Florida coach Urban Meyer is a realist, and I like that about him. Young adults sometimes do dumb things. They get arrested. They smoke marijuana. They sometimes make poor decisions, and when you're a football player poor decisions become headlines. Meyer knows this all too well. On Wednesday, he addressed such things with his team.
Shill, much? Look, I am a cynic when it comes to big time collegiate sports. I get that these mothers are only a quarter as loony as Scipio but let's quit the disingenuous nonsense.
At one point, arrests were beginning to change the perception of the program and even affect the standard of football Meyer has worked so hard to achieve.
Are you kidding me? They aren't giving back those two BCS trophies even if Tebow decrees it be so 'cause he's more righteous than Bill Medley.
"No stealing! No drugs! No weapons!" Meyer emphasized to his Gators. He went on to remind his team that the program has a drug policy. If a player tests positive for marijuana, then that player will be punished by missing games.

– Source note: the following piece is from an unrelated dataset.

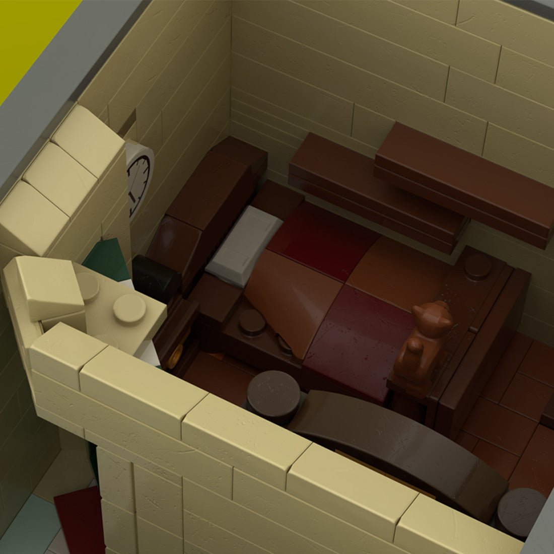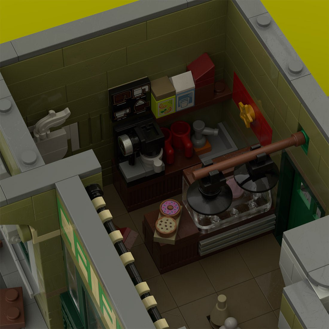 Designed and authorized by hanoibrick, this street-view MOC building model captures the charm of Hanoi's Old Quarter, blending French architectural elegance with local Vietnamese details. The two-story corner structure features arched windows, decorative cornices, layered balcony railings, and a ground-floor café with signage, awning, and street accessories for a lively streetscape. The second floor showcases green louvered shutters and a small balcony, reflecting authentic Southeast Asian urban character. Its vintage-toned color palette makes it perfect for city-themed MOC displays and street scene layouts.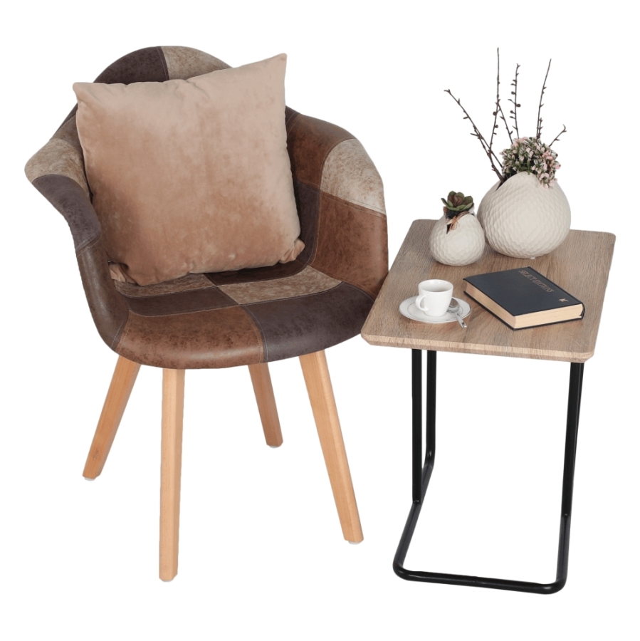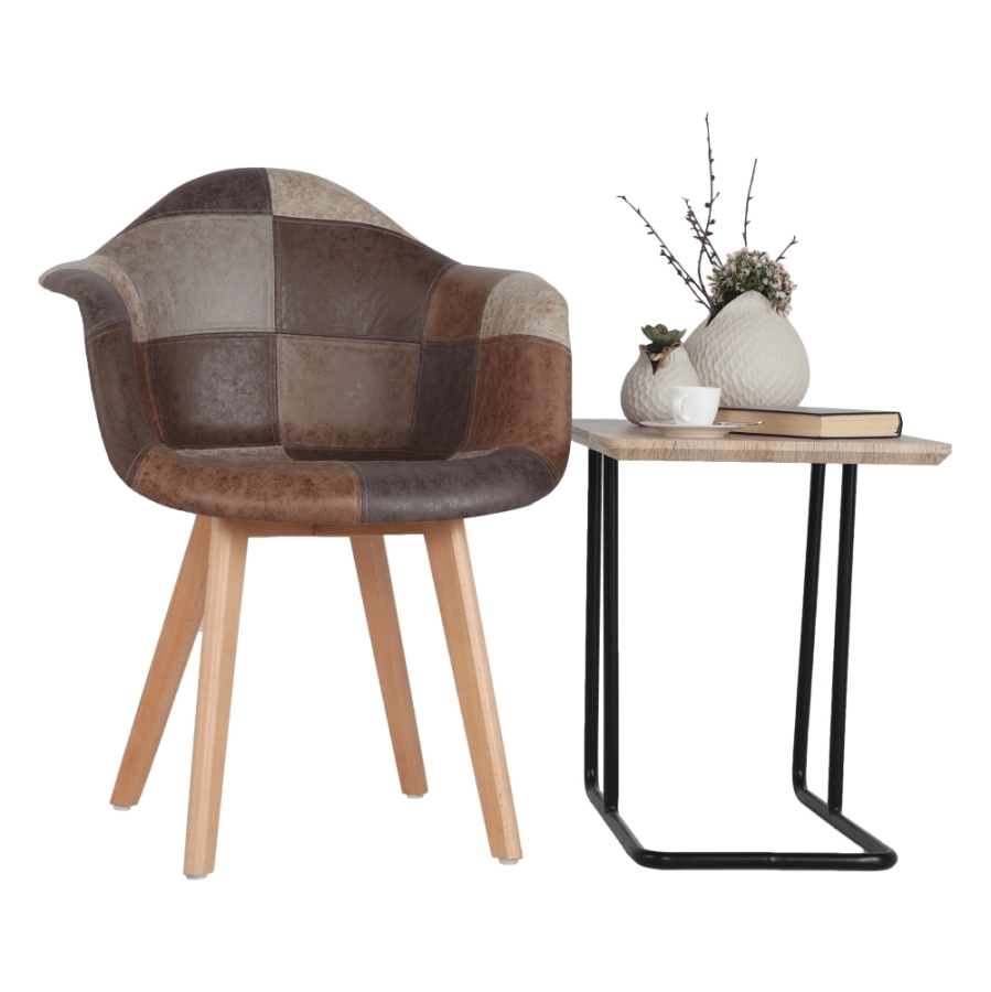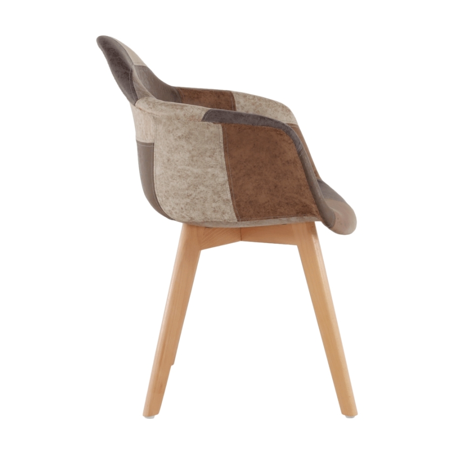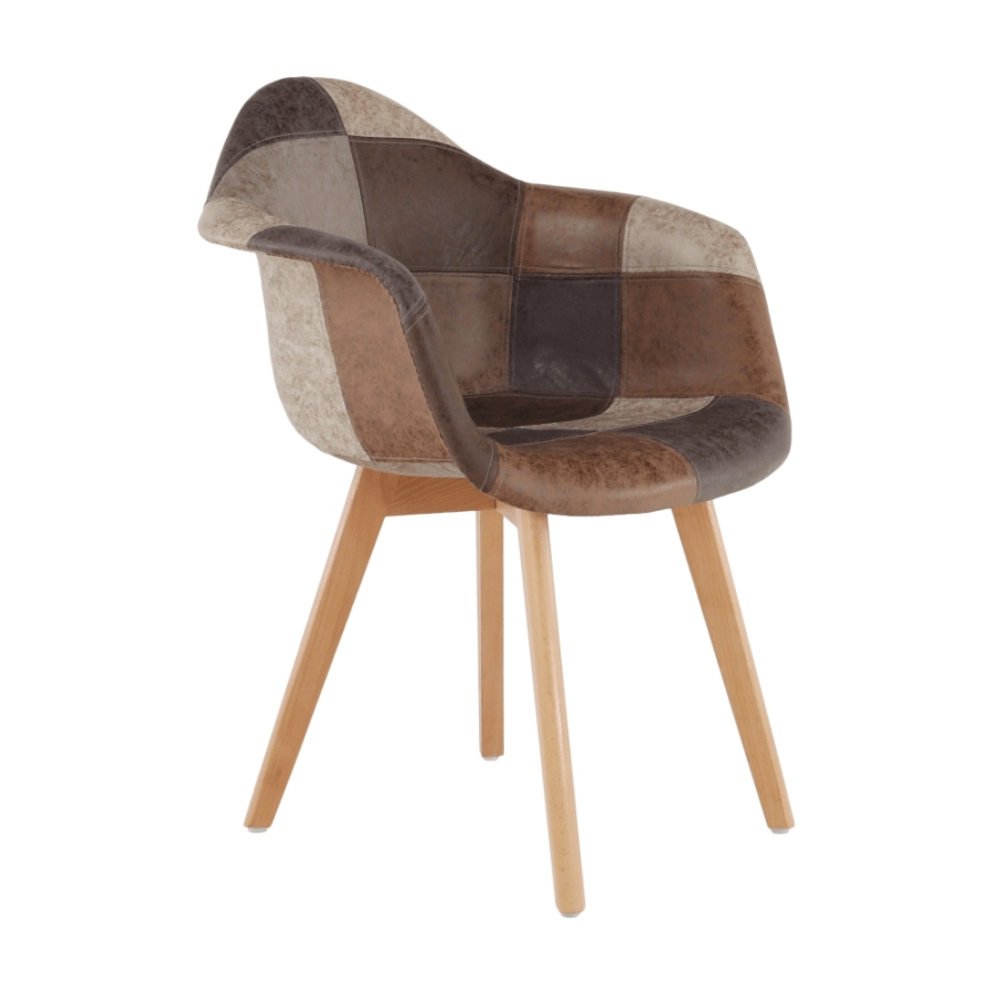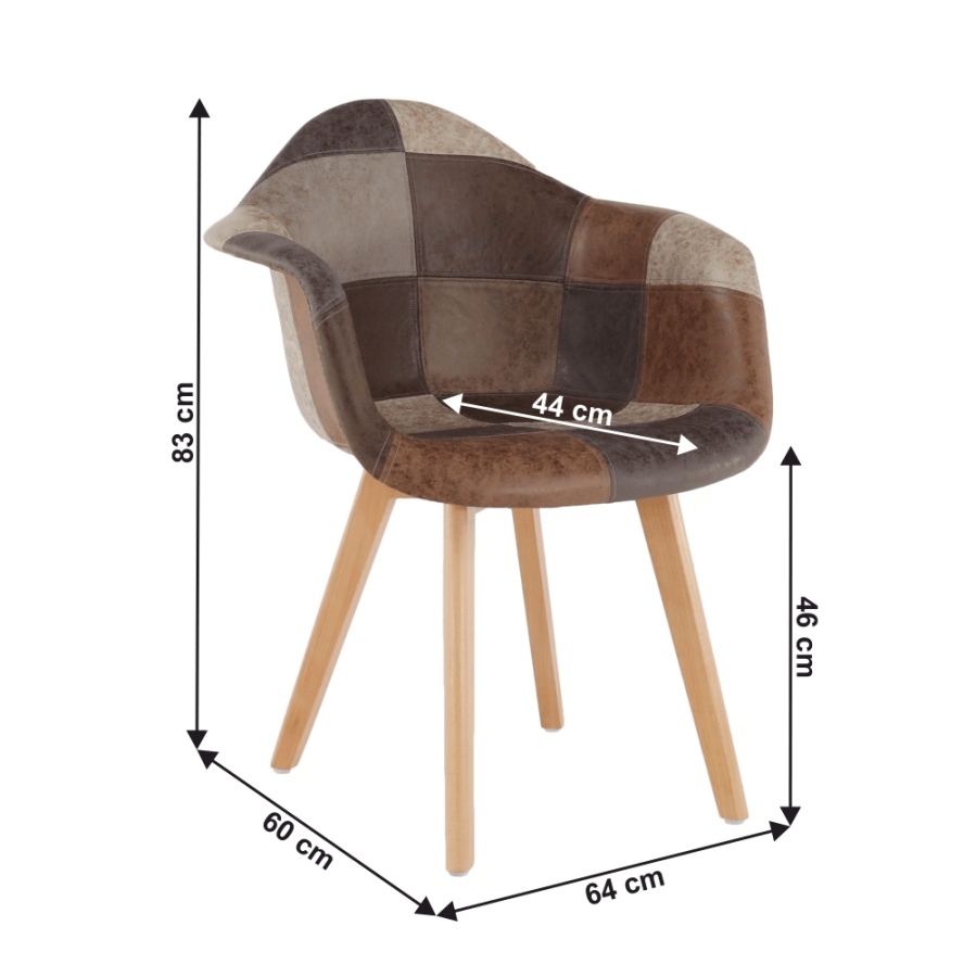 Fotel TERST Anyag: műanyag/textilbőr/fa Szín: patchwork/bükk Méretek (SzéxMéxMa): 64x60x83 cm Ülésmagasság: 46 cm Ülésmélység: 44 cm Divatos kivitelezés Bontásban szállítva.

If you steal my fucking car or pop a cap in somebody's ass, you will not see the field vs. The Citadel. Or Vandy!
I just can't get over some guy screaming "If you commit felonies, you'll miss some games!". Had I been there, I'd have doubled over in laughter. That's why we don't get press passes, I guess.
Meyer should be applauded for giving this speech in public. It was delivered within earshot of fans and reporters.

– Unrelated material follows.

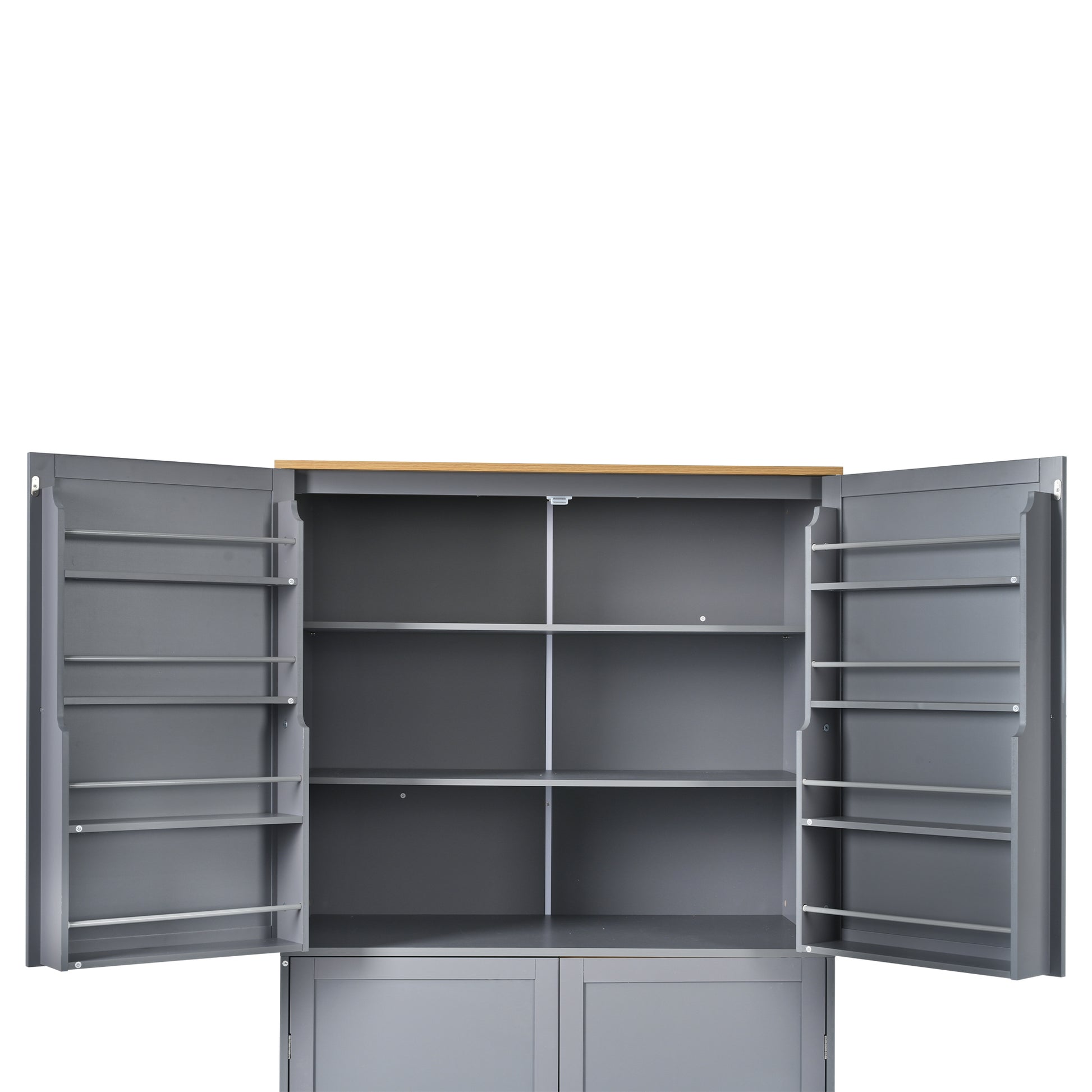 - [8 Door Storage Shelves]This elegantly designed 4 doors kitchen pantry includes two upper doors, each opening to reveal 4 door shelves that cleverly maximize storage space. The shelves are thoughtfully varied in height(from 5.9” to 8.7”), making it easy to store items ranging from tall bottles to small jars. For added convenience and safety, removable barriers are installed to ensure nothing slips out accidentally.

Just allsome. Stagecraft! Urban Meyer has a pretty clear idea where the media is these days.
Don't shoot me, Corch!
Spencer's blog responds here.
I once lusted after Urban as a college head coach. Mack and co. do stuff that makes me a little bananas at times but the last few months of Urbania are starting to make me think he's crazier than a shithouse rat.

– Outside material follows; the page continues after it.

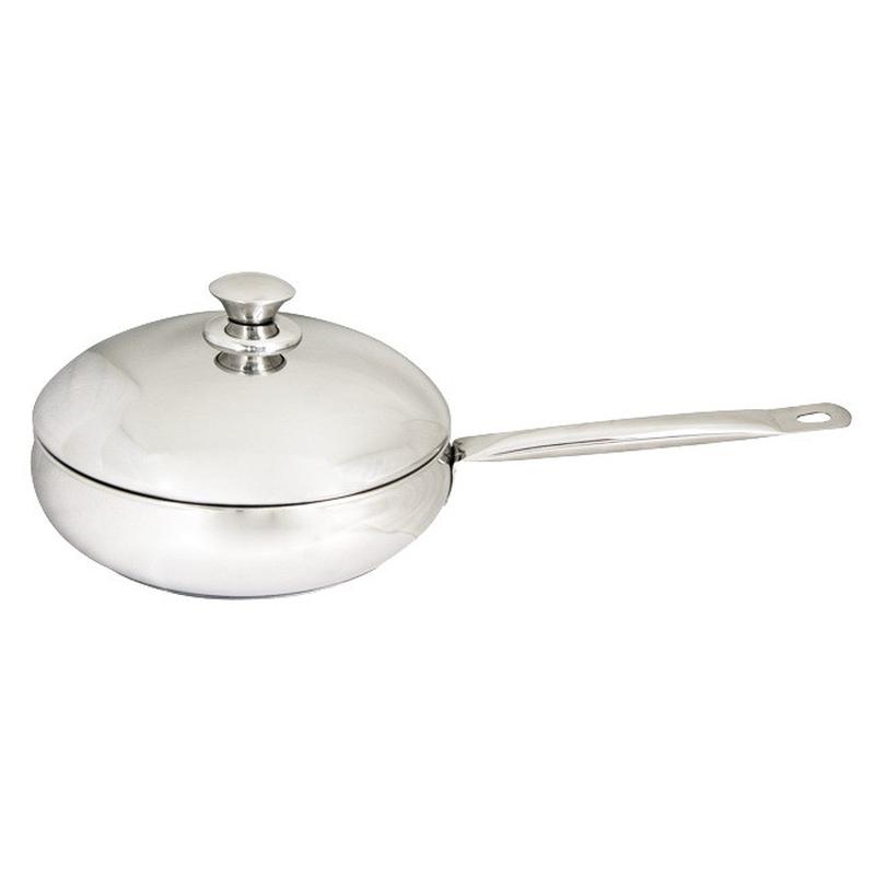Пательня виготовлена з нержавіючої сталі, 18/10. Ці цифри позначають відсотки вмісту хрому і нікелю. Обидва ці метали надають сталі корозійної стійкості, але нікель також робить її міцніше і надає їй характерного блиску. Такий посуд гарантує практично повну відсутність хімічних реакцій з їжею за будь-яких температур. Пательня має оригінальний дизайн, відрізняється ергономічністю. Дно складається з трьох шарів – два шари нержавіючої сталі і один шар алюмінію між ними. Це сприяє швидшому і більш рівномірному нагріванню їжі. Сковорідка підходить для газових, електричних, склокерамічних, індукційних плит. Її можна мити в посудомийній машині. Антипригарне покриття відсутнє. Кришка в комплекті.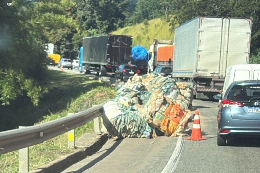 Equipes da concessionária Arteris Fernão Dias foram acionadas por volta das 14h49 para atender à ocorrência, que envolveu o derramamento de fardos de material reciclável na pista, com parte da carga também ficando espalhada pelo acostamento.

Speaking of shithouses (apologies, Nate and NDS, it was too easy), let's cast our gaze toward Norman.
Great news for Sooners fans, an external audit has very positive results for Oklahoma.
It starts like this:
NORMAN, Okla. -- An external audit of Oklahoma's athletic department found no major issues with the school's policies on practices as it tries to move out of an NCAA-imposed probation for major violations by the football and men's basketball programs.
However, the audit did not extend to the Sooners' football team. According to the documents, Oklahoma's compliance department planned new procedures to monitor the football program's activities starting this spring.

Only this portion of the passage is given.